Um dos principais aspectos que ganharam destaque nas matérias analisadas é a classificação do crime como sendo “latrocínio”, ou seja, um homicídio com objetivo de roubo. Nesse sentido, privilegia-se a intenção de roubar pertences da vítima, como se tivesse sido a única razão do crime perpetrado. Há um exemplo em que já no subtítulo da matéria enquadra-se o fato como “latrocínio”, não deixando dúvidas que a razão do crime era justamente roubar. Até as suspeitas de latrocínio são tratadas com destaque, mesmo em matérias onde não se tem informações para elucidar o caso.

Sendo assim, verificou-se que a cobertura jornalística do A Tarde privilegiou preponderantemente outros elementos/características, que não a condição de homossexual da vítima. No entanto, a análise das matérias veiculadas no Tribuna da Bahia permitiu constatar uma maior quantidade de enquadramentos que privilegiaram aspectos que relacionam os assassinatos ocorridos com a condição de homossexual da vítima. Neste veículo, este aspecto teve destaque muito maior. Já na reportagem analisada do Correio da Bahia, pôde-se dizer somente que se enfatiza, assim como no A Tarde, outros aspectos que não a condição de homossexual da vítima como elemento de causalidade. Na única reportagem analisada do

Correio, por exemplo, foi dado destaque à suspeita de crime de vingança.
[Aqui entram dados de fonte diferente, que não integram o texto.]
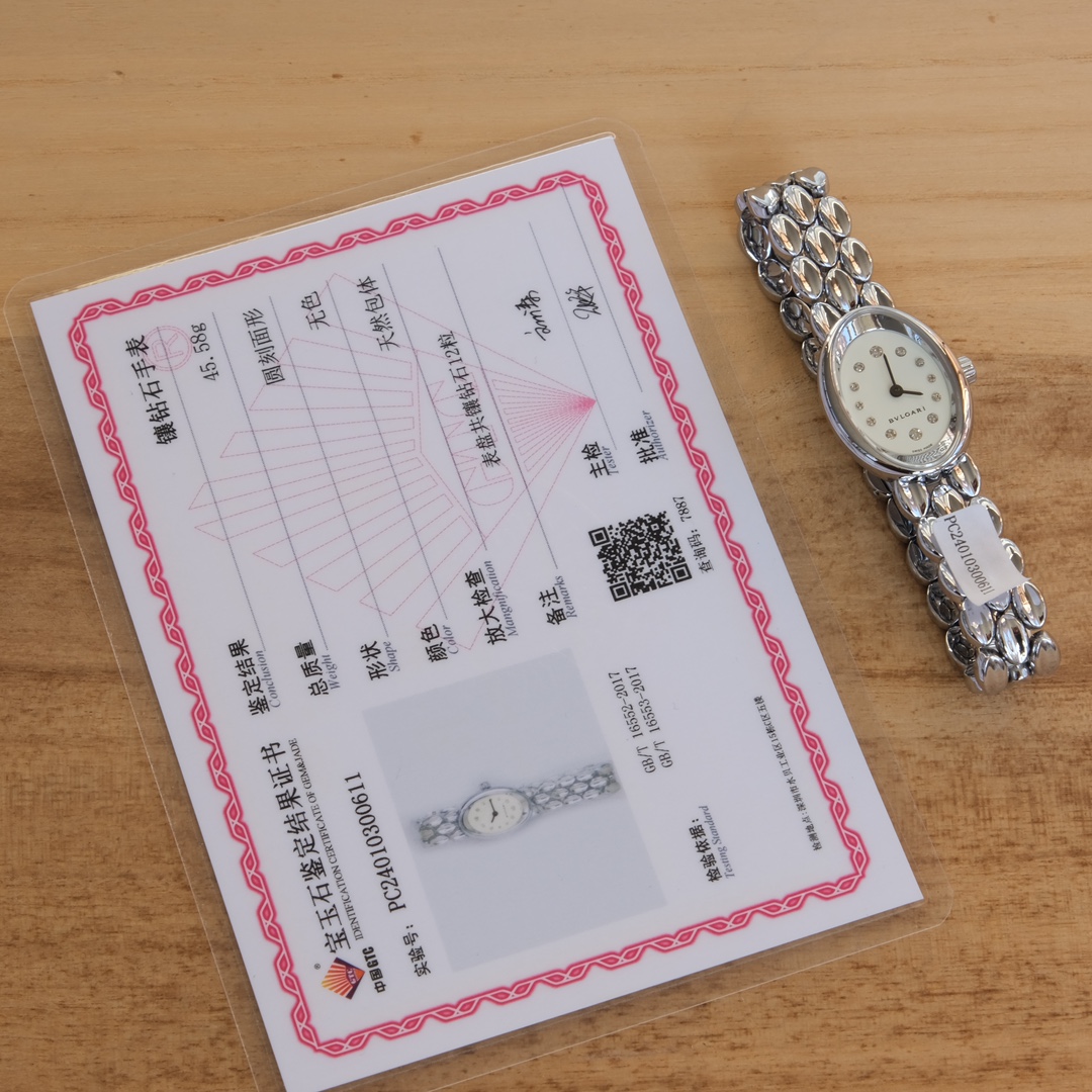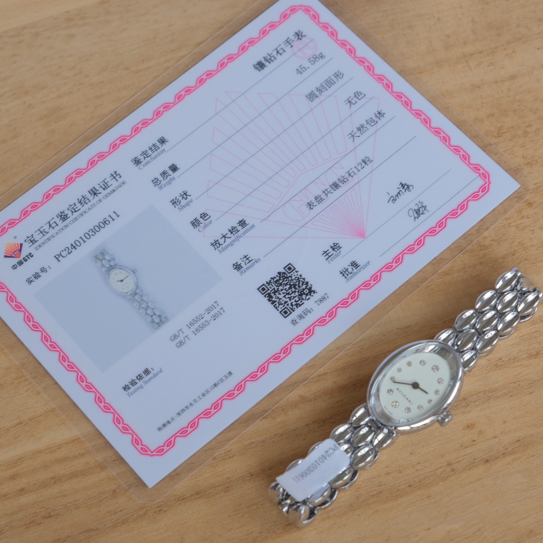 表盘上镶嵌12粒大小不一高低不一的天然真钻,最大的有1.4mm,小的0.8mm,气质奢华典雅,一表一码配省检GTC证书,可全网查询
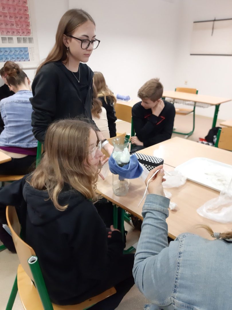 V rámci praktické výuky o vodě navštívili žáci 8. ročníku nejen čistírnu odpadních vod ve Vyškově, ale na hodině chemie si ve skupinách vyzkoušeli vyrobit své vlastní čističky z PET láhví.
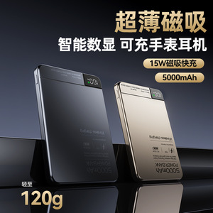 超薄型のマグセーフ磁気腕時計の無線充電宝10000mAhデジタル表示PD双方向充電モバイル電源
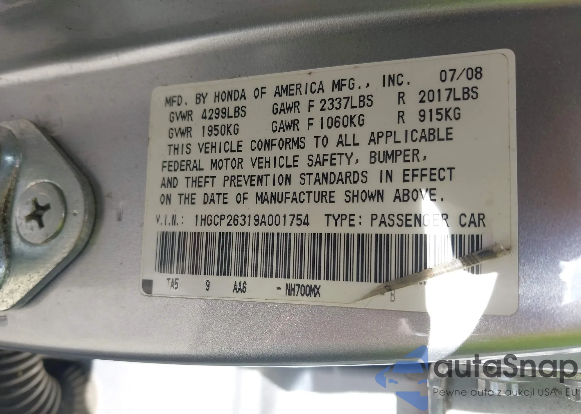 LOT: 42665889 VIN: 1HGCP26319A001754

O poder de nomear algo, ou melhor, de classificar o outro ou um determinado fato (enquadrando-o e enfatizando sentidos) perpassa justamente pela linguagem. Ressaltar determinados aspectos que não permitem a categorização do crime ocorrido como um crime de teor homofóbico ou dispersar essa característica contribui em grande medida para que não se leve em consideração que a condição de homossexual da vítima e a existência da homofobia são alguns dos principais elementos de causalidade das atitudes de hostilidade, podendo culminar em assassinatos. Nesse sentido, verifica-se que o discurso jornalístico, ao reconstruir o fato e transformá-lo em notícia, assume importante papel, visto que o resultado de sua prática (a notícia) pode evidenciar determinados aspectos, em detrimento de muitos outros possíveis. Todavia, ressalta-se ainda que não se quer dizer com isso que o jornalismo escolha deliberadamente como um fato deverá ser noticiado e que tenha controle dos sentidos que serão construídos. No discurso jornalístico, a produção de sentido é resultado de uma série de fatores internos e externos, tais como espaço para a publicação, fontes entrevistadas, linha editorial do jornal, entre muitos outros, que podem e de fato interferem neste tipo de construção.